War is hell, but for Ernst Junger, it’s clear that war is also deeply meaningful and important. I found myself more fascinated by Junger than his retelling of his experiences in the trenches of the first World War. He was a decorated German soldier and hard right nationalist, but he didn’t support the Nazis. He was explicitly spared deportation and other depredations by the Nazi leadership because of his stature as a writer and social icon. He wrote scores of books in his lifetime and was a polarizing figure until the day he died. I liked My War Gone By, I Miss it So more as a recounting of someone who finds a home in the experience of war.

★★★☆☆ The Order of Time

I feel pretty confident that I just wasn’t smart enough to really understand whole swaths of this book. Something something the scale of organisms determines how they perceive time’s movement? I think? After reading Einstein’s biography and re-familiarizing myself with his theories of relativity, I think I understood more of the ideas in this book, but it was touch and go for at least 30% of the content. I’d love to discuss this book with someone that’s far better at physics than me to see if I even understood the big points correctly.

★★★☆☆ The Last Pirate of New York

This book won’t redefine how you perceive the world or shake the foundations of your reality, but it’s a damn good book filled with interesting historical details about the city that never sleeps. I learned about the origins of the word “Shanhai’d,” I learned a lot about how murder investigations were run decades before forensic techniques were discovered, and how worldly the past really was.

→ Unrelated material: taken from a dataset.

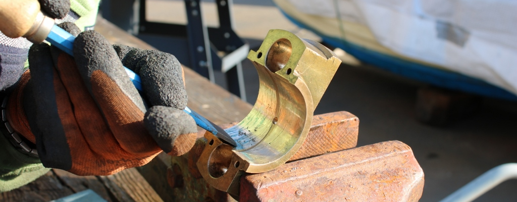 Am Wochenende setzte die Mannschaft von Otto Lauffer die routinemäßigen Wartungsarbeiten an der Maschine erfolgreich fort. Diesmal ging es um Lager und Kreuzkopf, die zum Niederdruckzylinder gehören. Bei strahlendem Sonnenschein konnte das Team einen Großteil der umfangreichen Handarbeiten auf dem Ponton in Neumühlen durchführen. Maschinist Christoph erklärt dazu: „Alle Lager – beide Seiten des Kreuzkopfes und die Pleuel wackelten und mussten etwas enger gestellt werden. Dazu haben wir Bleche entfernt bzw. durch dünnere ersetzt. Es zeigte sich, dass die Pleuellager konkav eingelaufen und ebenso die Kreuzkopflager schief waren. Wir haben alle Lager tuschiert und geschabt.“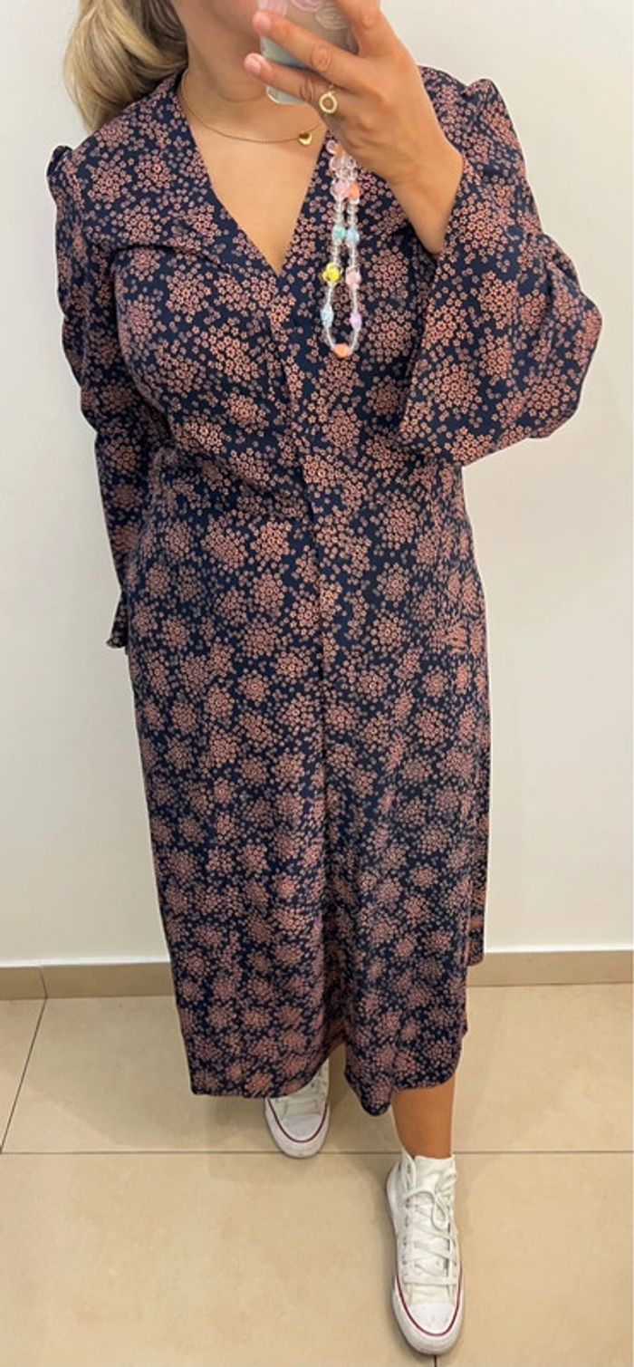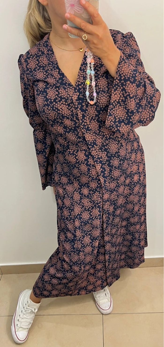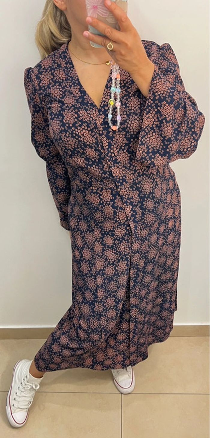 Robe longue boutonnée tout le long Col avec boutons Manches longues trompette Taille 38 Longueur 125cm Largeur épaules 37cm Largeur aisselles 49cm Largeur taille 40cm En polyester et elasthanne

But again, it’s just a great story.

★★★☆☆ Einstein: His Life and Universe

Maybe it’s a bit unfair for me to rate this a 3/5. I knew it couldn’t be a 5-star review because I was already so familiar with Einstein’s achievements and contributions to science. But I felt that I just didn’t know as much as I should about the details of how he came about those achievements. The story of his life is more interesting than I expected and Isaacson does a good job of retelling his major life events with a balanced hand. I think he underplayed how hurtful he was to those directly around him, but I’m just intrinsically judgmental about infidelity.